Thursday, October 3, 2013

2013 Western Trip – Cortez and Mesa Verde

Our plan was to go from Moab, UT to Durango, CO but when we couldn’t get into the campground we wanted for another day, we opted to spend the night in Cortez, CO and go to Mesa Verde NP which we had missed last year. 

The drive from Moab was a little surprising as I expected 120 miles of desert but was surprised at the amount of agriculture, especially when we got into CO.

We also passed another arch along the road soon after leaving Moab.

We booked a night at the Cortez KOA and were met with very friendly people and a nicely landscaped and well maintained campground.  The one thing that was a first for us was that the camping spots were one big gravel area.

This is our spot and I’m standing in the road but it’s hard to tell.

I assume it yields no mud in wet weather (a plus) but plenty of dust when it’s dry (a minus).  Gravel here is very different than the crushed limestone common at home - this stuff would be considered decorative.

After getting set up, we headed up to Mesa Verde NP (8 miles east) for a short visit.

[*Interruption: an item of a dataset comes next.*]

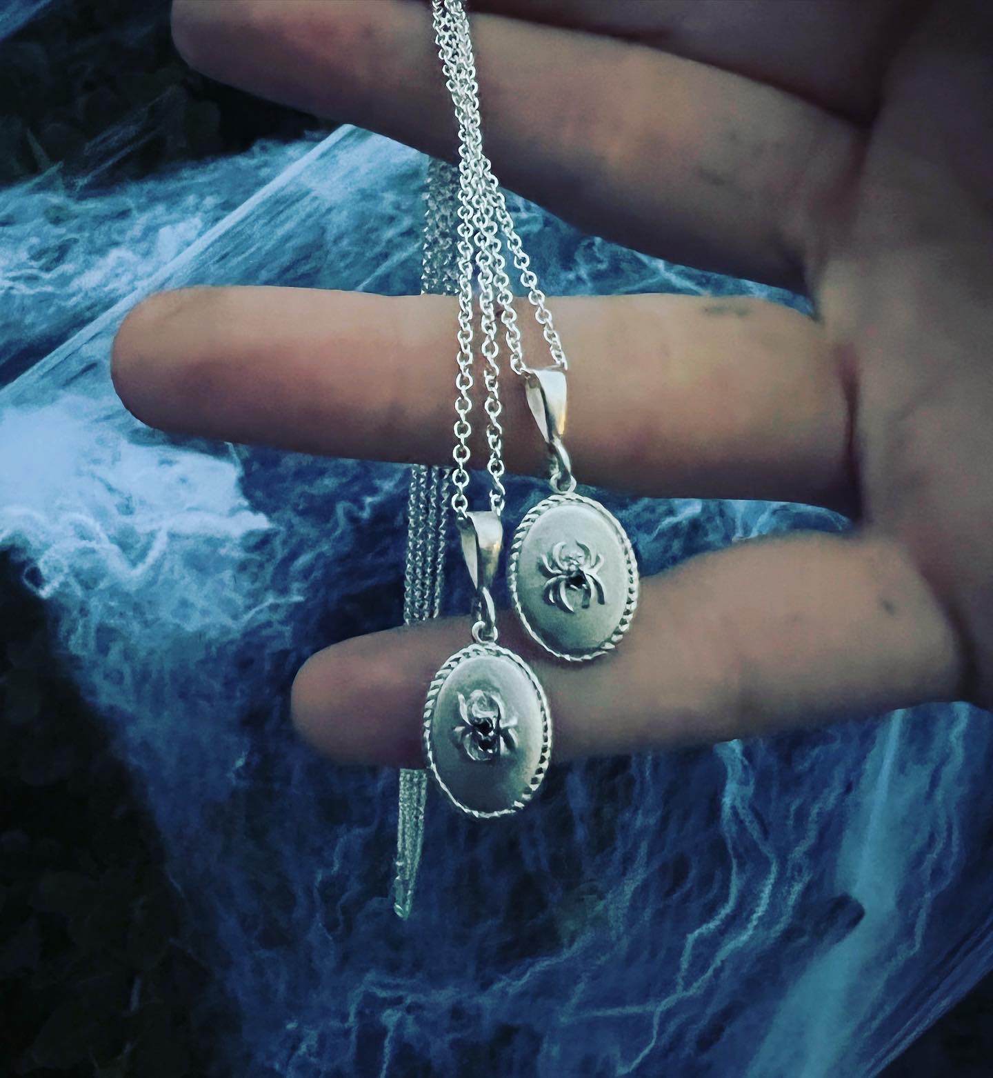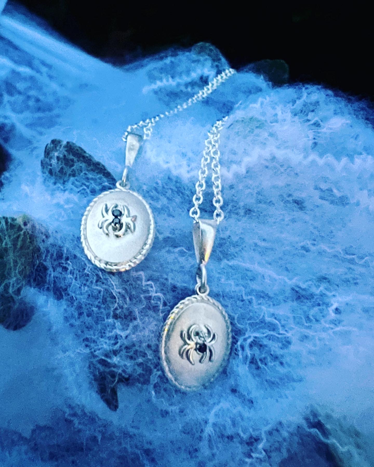 Sterling silver oval shaped pendants featuring spider charms with .01, and .02 carat ethically souced diamonds.
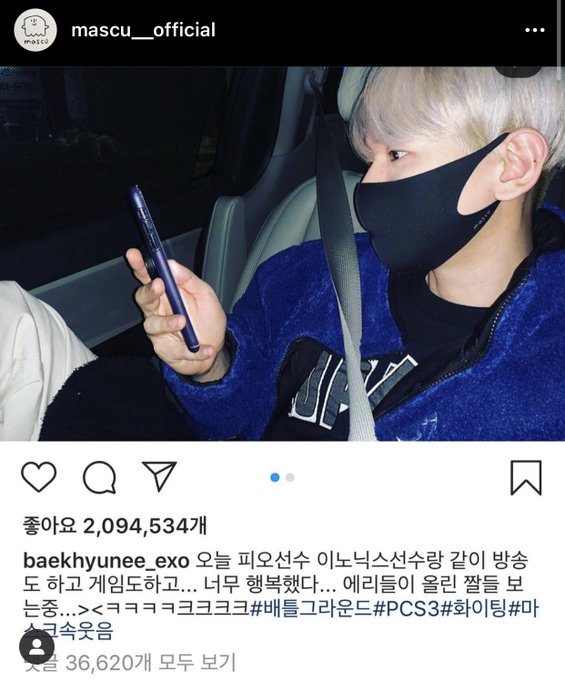 Sehun is also wearing enviromental friendly Mascu mask like Baekhyun ♥️

The park was established in 1906 And consists of 81.4 square miles of the Mesa Verde (Green Table) and is the largest archaeological preserve in the US.  As we were making the 20 mile drive from the entrance back to park headquarters and the hub of the park attractions, I was astounded by the views of the valley and the engineering and construction it took to build the road.  It was a mixture of The Road To The Sun in Glacier NP and the million dollar highway from Silverton to Ouray, CO.

According to the ranger there are 600+ dwelling sites in the park with Spruce Tree House being the most accessible.  It is located just below the park headquarters and has a paved path down to it.  

Bev and Pat made the trip but after what a similar walk in Canyonlands did to my knees, I opted out.  The first shot shows the mesa above the dwelling.

This is as much as I could get from the top.

I didn’t have the long lens, but Bev and Pat are in the center of this shot (pink jacket).

These are some shots Pat took from the site.

The dwelling was several rooms deep.

This is Bev descending into a Kiva.

Most of the other dwellings require an even more strenuous walk and we decided this would do it for us.  If you’ve never read about the Anasazi, Wikipedia provides a quick summary.

The desert in bloom.

Photos best if enlarged by clicking on them.

As of yesterday afternoon, we are back at Almost Heaven South and the 5300 mile trip is in the books, but I will continue to post our adventures in order unless something important happens around here.

Have a great day and thanks for stopping by Almost Heaven South.


9/13/2013 event date


  1. Those dwellings look eerily vacant. How interesting to think of those that lived there.

  2. I think dwellings like that are just amazing!

  3. I believe I've mentioned how much I love this park - I really want to go back one day. Your photos are great and so happy you got in before the shutdown. Hope that hindered your adventures! Safe travels to you and Bev

  4. Larry, Nice photos at Mesa Verde! Love the quality of the construction of the Anasazi cliff dwellings. On your next trip, you'll have to visit the spectacular construction evident at Chaco Culture National Historic Park in northwester New Mexico. See you soon! Take Care, Big Daddy Dave

  5. I really want to visit Mesa Verde... what a neat place to explore. Great photos Larry!

  6. Love the desert flower and the dwellings are amazing. All your pics are great, but I esp. like the sky shot -- second one above Spruce Tree sign. Glad you had a great trip and arrived home safely! Looking forward to more photos!

  7. Never been to an all-gravel campground? You either have lead a too-sheltered camping life or just been lucky.

  8. I don't think I'd like the all-gravel campground; it wouldn't feel right sitting around in the evening. It looks like this was a great visit to Colorado.

  9. I have seen those dwellings too, and they are amazing. Welcome home!


  10. Mesa Verde is one of the places that is on our 'to visit' list. There are so many places on it now that I feel we need to travel full time.

  11. So jealous, I hope to take a trip like yours shortly after we retire.